▸ GOAL OF THE EXERCISE
Your copy should hold only the lines from the one with "Nexel® 4 Shelf" to the one with "5 mg COF 与 100", both included, each exactly as it stands below, with no pictures.

━━━━━ SUPPLIED MATERIAL

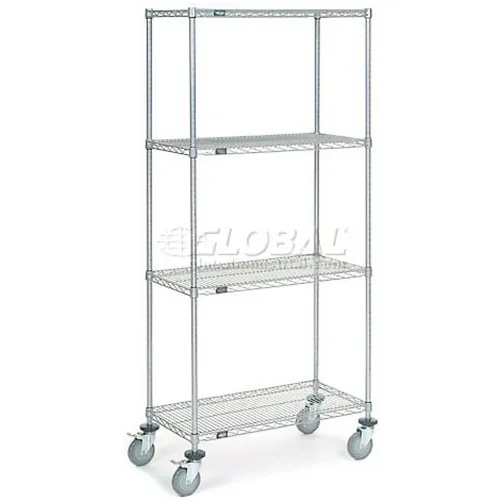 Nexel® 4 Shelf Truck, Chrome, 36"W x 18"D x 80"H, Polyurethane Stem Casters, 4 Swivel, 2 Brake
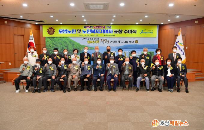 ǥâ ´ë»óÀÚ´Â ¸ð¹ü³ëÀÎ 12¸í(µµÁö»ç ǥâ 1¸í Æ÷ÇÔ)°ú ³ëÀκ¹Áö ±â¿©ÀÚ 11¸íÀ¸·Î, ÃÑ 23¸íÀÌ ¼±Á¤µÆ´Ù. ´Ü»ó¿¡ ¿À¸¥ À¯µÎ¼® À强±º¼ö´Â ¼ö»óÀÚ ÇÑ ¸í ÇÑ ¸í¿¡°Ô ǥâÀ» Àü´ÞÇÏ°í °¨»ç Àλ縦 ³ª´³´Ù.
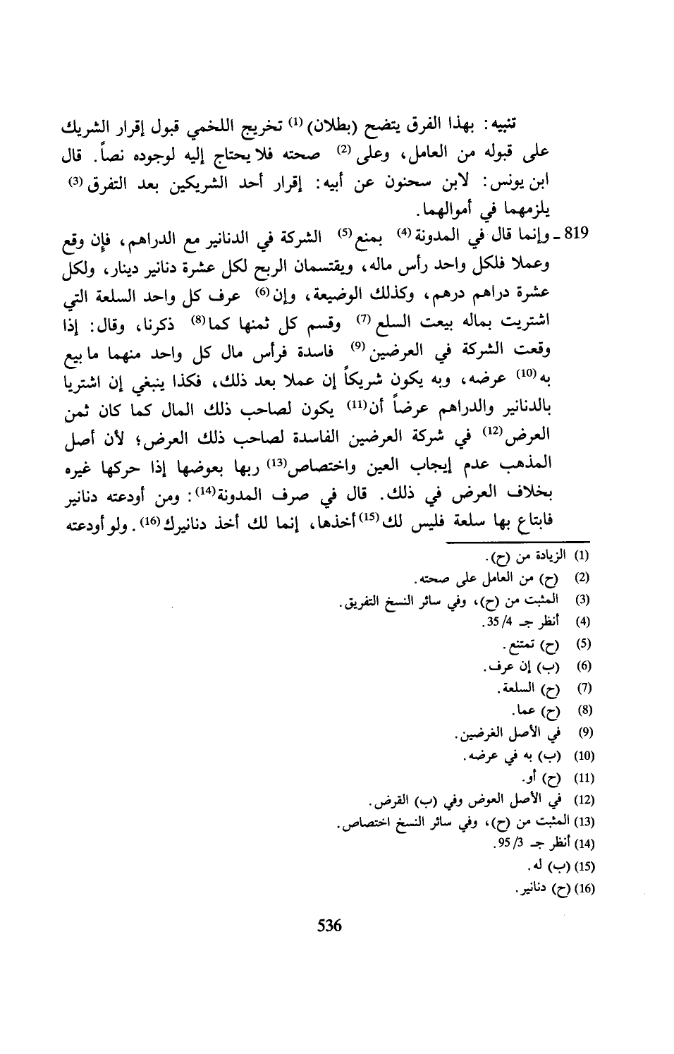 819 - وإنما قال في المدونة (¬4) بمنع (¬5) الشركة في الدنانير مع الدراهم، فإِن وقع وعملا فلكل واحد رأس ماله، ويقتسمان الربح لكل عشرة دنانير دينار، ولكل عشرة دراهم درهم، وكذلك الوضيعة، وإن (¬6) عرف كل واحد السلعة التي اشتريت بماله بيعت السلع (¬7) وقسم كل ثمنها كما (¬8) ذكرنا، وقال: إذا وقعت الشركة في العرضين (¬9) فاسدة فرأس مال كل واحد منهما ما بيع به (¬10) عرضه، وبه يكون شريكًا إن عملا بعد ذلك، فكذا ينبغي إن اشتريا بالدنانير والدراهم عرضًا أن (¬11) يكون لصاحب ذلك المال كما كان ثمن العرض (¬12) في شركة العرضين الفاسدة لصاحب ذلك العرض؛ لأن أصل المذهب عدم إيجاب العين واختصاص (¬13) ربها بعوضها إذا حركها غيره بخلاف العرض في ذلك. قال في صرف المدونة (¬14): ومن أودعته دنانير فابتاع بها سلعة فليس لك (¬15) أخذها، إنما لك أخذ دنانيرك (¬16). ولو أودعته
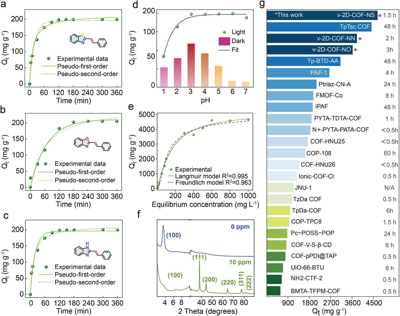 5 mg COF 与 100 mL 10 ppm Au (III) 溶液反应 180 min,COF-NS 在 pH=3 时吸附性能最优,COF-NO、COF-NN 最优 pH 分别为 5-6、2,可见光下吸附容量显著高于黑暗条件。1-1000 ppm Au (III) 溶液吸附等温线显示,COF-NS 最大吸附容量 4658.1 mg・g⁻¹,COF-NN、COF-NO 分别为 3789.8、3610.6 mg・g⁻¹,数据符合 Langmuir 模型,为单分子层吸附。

━━━━━━━━━━
━━━━━ SUPPLIED MATERIAL

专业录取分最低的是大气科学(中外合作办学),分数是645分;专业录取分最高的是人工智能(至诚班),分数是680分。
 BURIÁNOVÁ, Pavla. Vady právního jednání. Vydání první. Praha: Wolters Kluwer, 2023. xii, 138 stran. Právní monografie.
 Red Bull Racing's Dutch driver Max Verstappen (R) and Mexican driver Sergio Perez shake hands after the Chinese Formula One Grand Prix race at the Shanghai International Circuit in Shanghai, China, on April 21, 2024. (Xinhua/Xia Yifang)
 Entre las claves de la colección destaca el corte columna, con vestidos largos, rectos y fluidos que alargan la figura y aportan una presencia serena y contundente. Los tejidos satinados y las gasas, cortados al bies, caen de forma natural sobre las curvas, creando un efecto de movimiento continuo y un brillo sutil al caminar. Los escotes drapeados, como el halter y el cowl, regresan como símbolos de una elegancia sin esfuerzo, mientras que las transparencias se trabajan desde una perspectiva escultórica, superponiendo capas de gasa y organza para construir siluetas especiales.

━━━━━━━━━━
━━━━━ SUPPLIED MATERIAL

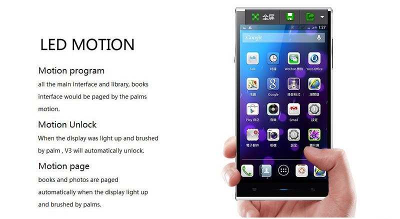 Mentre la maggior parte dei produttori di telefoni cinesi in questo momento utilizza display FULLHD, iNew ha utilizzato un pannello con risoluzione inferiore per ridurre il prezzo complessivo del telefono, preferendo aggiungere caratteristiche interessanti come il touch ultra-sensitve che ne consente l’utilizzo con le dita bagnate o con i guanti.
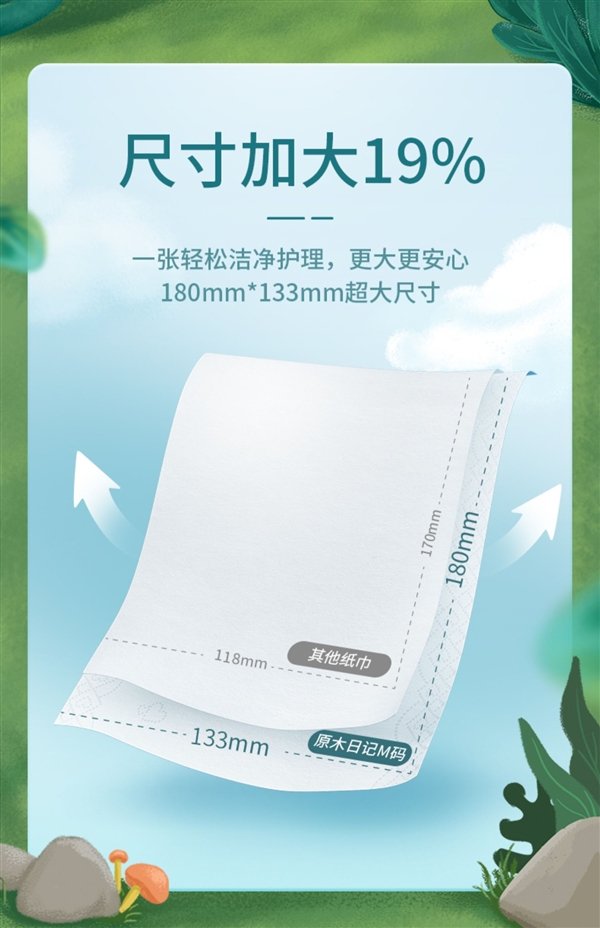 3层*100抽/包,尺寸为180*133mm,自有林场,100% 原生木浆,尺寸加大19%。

━━━━━━━━━━

▸ WRITTEN REPLY
 Nexel® 4 Shelf Truck, Chrome, 36"W x 18"D x 80"H, Polyurethane Stem Casters, 4 Swivel, 2 Brake
 ǥâ ´ë»óÀÚ´Â ¸ð¹ü³ëÀÎ 12¸í(µµÁö»ç ǥâ 1¸í Æ÷ÇÔ)°ú ³ëÀκ¹Áö ±â¿©ÀÚ 11¸íÀ¸·Î, ÃÑ 23¸íÀÌ ¼±Á¤µÆ´Ù. ´Ü»ó¿¡ ¿À¸¥ À¯µÎ¼® À强±º¼ö´Â ¼ö»óÀÚ ÇÑ ¸í ÇÑ ¸í¿¡°Ô ǥâÀ» Àü´ÞÇÏ°í °¨»ç Àλ縦 ³ª´³´Ù.
 819 - وإنما قال في المدونة (¬4) بمنع (¬5) الشركة في الدنانير مع الدراهم، فإِن وقع وعملا فلكل واحد رأس ماله، ويقتسمان الربح لكل عشرة دنانير دينار، ولكل عشرة دراهم درهم، وكذلك الوضيعة، وإن (¬6) عرف كل واحد السلعة التي اشتريت بماله بيعت السلع (¬7) وقسم كل ثمنها كما (¬8) ذكرنا، وقال: إذا وقعت الشركة في العرضين (¬9) فاسدة فرأس مال كل واحد منهما ما بيع به (¬10) عرضه، وبه يكون شريكًا إن عملا بعد ذلك، فكذا ينبغي إن اشتريا بالدنانير والدراهم عرضًا أن (¬11) يكون لصاحب ذلك المال كما كان ثمن العرض (¬12) في شركة العرضين الفاسدة لصاحب ذلك العرض؛ لأن أصل المذهب عدم إيجاب العين واختصاص (¬13) ربها بعوضها إذا حركها غيره بخلاف العرض في ذلك. قال في صرف المدونة (¬14): ومن أودعته دنانير فابتاع بها سلعة فليس لك (¬15) أخذها، إنما لك أخذ دنانيرك (¬16). ولو أودعته
 5 mg COF 与 100 mL 10 ppm Au (III) 溶液反应 180 min,COF-NS 在 pH=3 时吸附性能最优,COF-NO、COF-NN 最优 pH 分别为 5-6、2,可见光下吸附容量显著高于黑暗条件。1-1000 ppm Au (III) 溶液吸附等温线显示,COF-NS 最大吸附容量 4658.1 mg・g⁻¹,COF-NN、COF-NO 分别为 3789.8、3610.6 mg・g⁻¹,数据符合 Langmuir 模型,为单分子层吸附。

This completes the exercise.